Abstract

INTRODUCTION: Strongyloides Stercoralis is an intestinal parasite mostly seen in tropical areas. Commonly patients are asymptomatic with non-specific gastrointestinal manifestations. We present a case of strongyloidiasis presenting as gastric outlet obstruction. CASE DESCRIPTION/METHODS: Our patient is a 67-year- old woman, originally from Jamaica, recently diagnosed with Diabetes Mellitus who presented with 50 pounds weight loss, anorexia postprandial epigastric pain and recurrent episodes of vomiting. Her symptoms have been progressively getting worse and let her to doctor visits over the past several months. On physical exam she was afebrile but appeared cachectic. She did have minimal tenderness to palpation of the epigastric area and had minimal bilateral pedal edema. Laboratory testing revealed normocytic normochromic anemia, thrombocytosis, Hyponatremia and hypoalbuminemia. An Abdominal CT scan revealed dilatation of the second portion of duodenum and tapering of third portion of duodenum plus mild intrahepatic and extrahepatic bile ducts dilatation as well as dilation of the proximal pancreatic duct (Figures 1 and 2).
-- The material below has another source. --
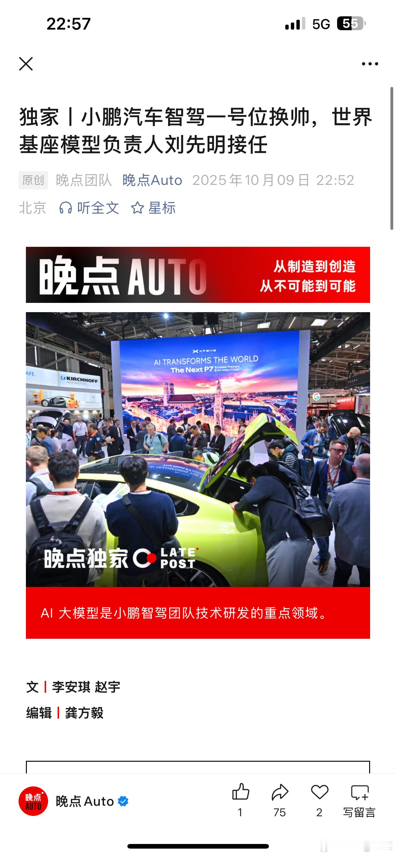 晚点Auto报道,李力耘不再担任小鹏自动驾驶中心负责人,世界基座模型负责人刘先明(Xianming Liu)接替该职位。

The patient was admitted to the hospital for hydration and subsequently had an upper endoscopy. The procedure revealed marked retention of bilious fluid as well as evidence of severe duodenitis. Narrowing of the lumen of the duodenum was also seen (Figure 3). Biopsies from the duodenum were obtained and confirmed the presence of Strongyloides Stercoralis. Pt was given two days of Ivermectin with dramatic improvement of her symptoms and subsequent discharge. DISCUSSION: 1. Stercoralis is a nematode with a complex life cycle. The parasite infects humans and replicates within its host for years or even decades (autoinfection). Patients would have positive serologies for S. Stercoralis but usually are asymptomatic. Immunosuppressive medications, HIV, HTLV1, Chronic diseases and in our case the new onset diabetes cause the parasite to replicate and leads to life-threatening dissemination of larvae to multiple internal organs called hyperinfection.